•La GRA obtient gain de cause sur la base « qu’une autorisation illégalement accordée ne peut engendrer ni droits acquis ni attentes légitimes »
Le couperet est tombé. La société SMS Pariaz Ltd de Jean-Michel Lee Shim a été déboutée de sa demande d’autorisation pour contester deux directives de la Gambling Regulatory Authority (GRA), avec comme Chief Executive Officer (CEO), Divya Ringadoo, qui l’enjoignaient de cesser ses activités de paris à cote fixe par SMS sur les courses hippiques et les matchs de football se déroulant hors de Maurice. Dans un jugement rendu, hier, la Cour suprême a tranché sans ambiguïté : ces activités étaient menées sans base légale, et la GRA était dans son droit de les interdire.

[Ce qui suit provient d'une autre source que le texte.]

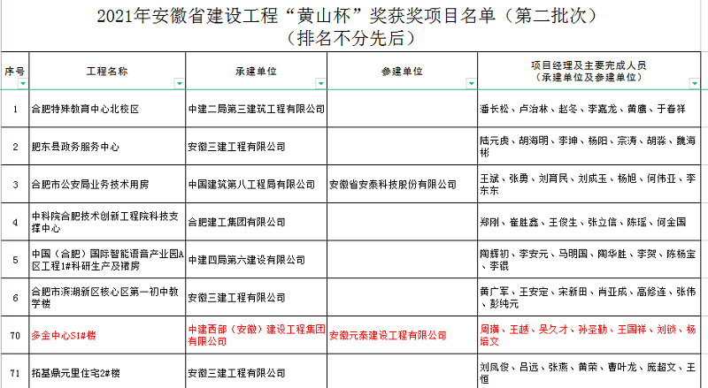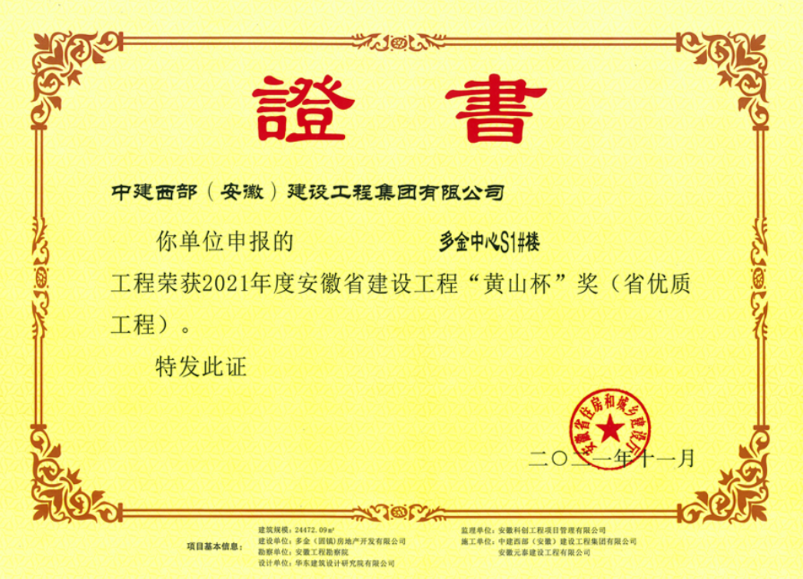 熱烈祝賀中建西部固鎮多金中心S1#樓獲得安徽省建設工程黃山杯獎

Depuis 2017, SMS Pariaz prétendait agir légalement grâce à des lettres de la GRA qui lui auraient permis d’élargir sa licence de bookmaker à des paris sur courses hippiques étrangères, et plus récemment, sur des matchs de football internationaux, le tout via SMS. L’entreprise affirmait avoir reçu l’approbation de l’instance régulatrice et investi massivement dans ces segments.

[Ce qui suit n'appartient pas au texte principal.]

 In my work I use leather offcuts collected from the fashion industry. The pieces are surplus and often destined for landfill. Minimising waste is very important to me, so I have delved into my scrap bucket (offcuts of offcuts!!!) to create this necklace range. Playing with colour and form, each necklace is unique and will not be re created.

Mais en mars 2025, quelques mois après les élections générales de novembre 2024, la nouvelle direction de la GRA, avec Divya Ringadoo à la barre, a pris une position diamétralement opposée.
Deux lettres directives ont été envoyées :
•GRA/LSMS/01/25, ordonnant l’arrêt des paris sur courses hippiques étrangères ;
•GRA/FOB011/02/25, ordonnant l’arrêt des paris sur matchs de football hors Maurice.

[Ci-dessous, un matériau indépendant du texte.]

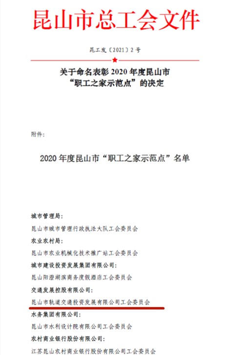 近日,昆山市總工會發布了《關于命名表彰2020年度昆山市“職工之家示范點”的決定》,昆山軌道公司工會委員會“職工之家”成功入選!

Ces autorisations, notamment celles des 6 avril, 7 juillet et 31 juillet 2020 (courses) et du 8 janvier 2024 (football), sont désormais considérées par la GRA comme nulles et non avenues, au motif qu’elles dépassaient le cadre légal de la GRA Act, qui n’accorde aucun pouvoir au Board pour étendre une licence existante à d’autres types de paris sans nouvelle demande formelle ni paiement des frais requis.
Combat judiciaire sans succès
SMS Pariaz a saisi la Cour suprême pour contester les directives, arguant qu’elles étaient illégales, déraisonnables, en violation de ses droits acquis et de ses attentes légitimes, et rendues sans respect des principes de justice naturelle.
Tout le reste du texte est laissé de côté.